▸ Your instructions
Transcribe the listing exactly; drop the images.

***** Raw data

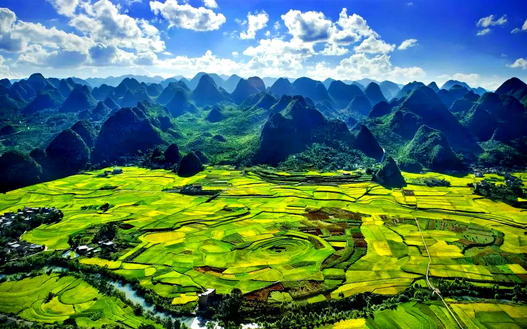 特色:由上万座锥状喀斯特山峰组成,被誉为“中国锥状喀斯特博物馆”。徐霞客曾赞誉其“天下山峰何多,唯有此处峰成林”。景区内田园风光与峰林相映成趣,夏季绿意盎然,秋季金黄稻田与山峰交织成画。
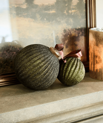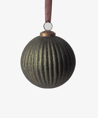 Bring depth and a subtle sparkle to your Christmas décor with this glimmering dark green bauble. Finished with a velvet hanging ribbon, it brings depth and elegance to festive styling.
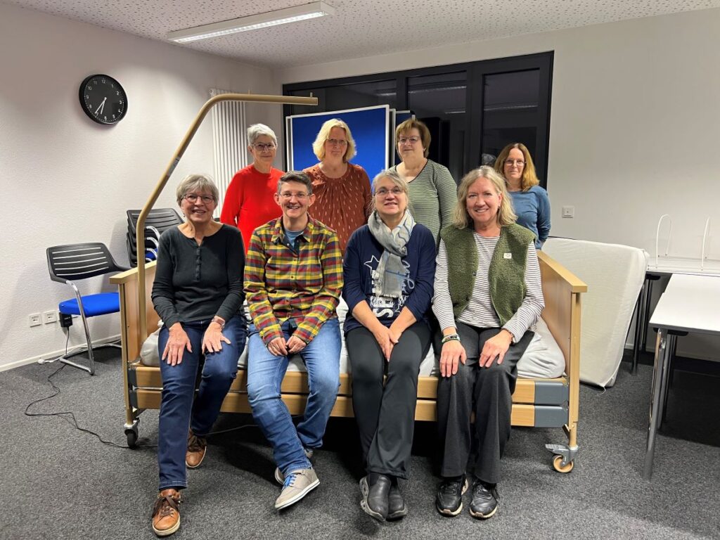 Bei dem sechswöchigen Seminar Lehrgang unter Leitung der Pflegefachkraft und zertifizierten Pflegeberaterin Monika Woppmann (1.Reihe, 2.v.l.) erwarben sie an vielen praktischen Übungen Sicherheit im Umgang mit alltäglichen Verrichtungen. Das erworbene Wissen ersetzt zwar keine umfassende Pflege oder medizinische Versorgung, es dient aber als grundlegendes Handwerkszeug, um pflegebedürftigen Menschen helfen zu können. Die Diakonie- und Sozialstation Ludwigsburg bietet den Kurs zweimal im Jahr in ihren Seminarräumen in der Karlstraße 24/1 in Ludwigsburg an.

**********

▸ Output for this task
 特色:由上万座锥状喀斯特山峰组成,被誉为“中国锥状喀斯特博物馆”。徐霞客曾赞誉其“天下山峰何多,唯有此处峰成林”。景区内田园风光与峰林相映成趣,夏季绿意盎然,秋季金黄稻田与山峰交织成画。
 Bring depth and a subtle sparkle to your Christmas décor with this glimmering dark green bauble. Finished with a velvet hanging ribbon, it brings depth and elegance to festive styling.
 Bei dem sechswöchigen Seminar Lehrgang unter Leitung der Pflegefachkraft und zertifizierten Pflegeberaterin Monika Woppmann (1.Reihe, 2.v.l.) erwarben sie an vielen praktischen Übungen Sicherheit im Umgang mit alltäglichen Verrichtungen. Das erworbene Wissen ersetzt zwar keine umfassende Pflege oder medizinische Versorgung, es dient aber als grundlegendes Handwerkszeug, um pflegebedürftigen Menschen helfen zu können. Die Diakonie- und Sozialstation Ludwigsburg bietet den Kurs zweimal im Jahr in ihren Seminarräumen in der Karlstraße 24/1 in Ludwigsburg an.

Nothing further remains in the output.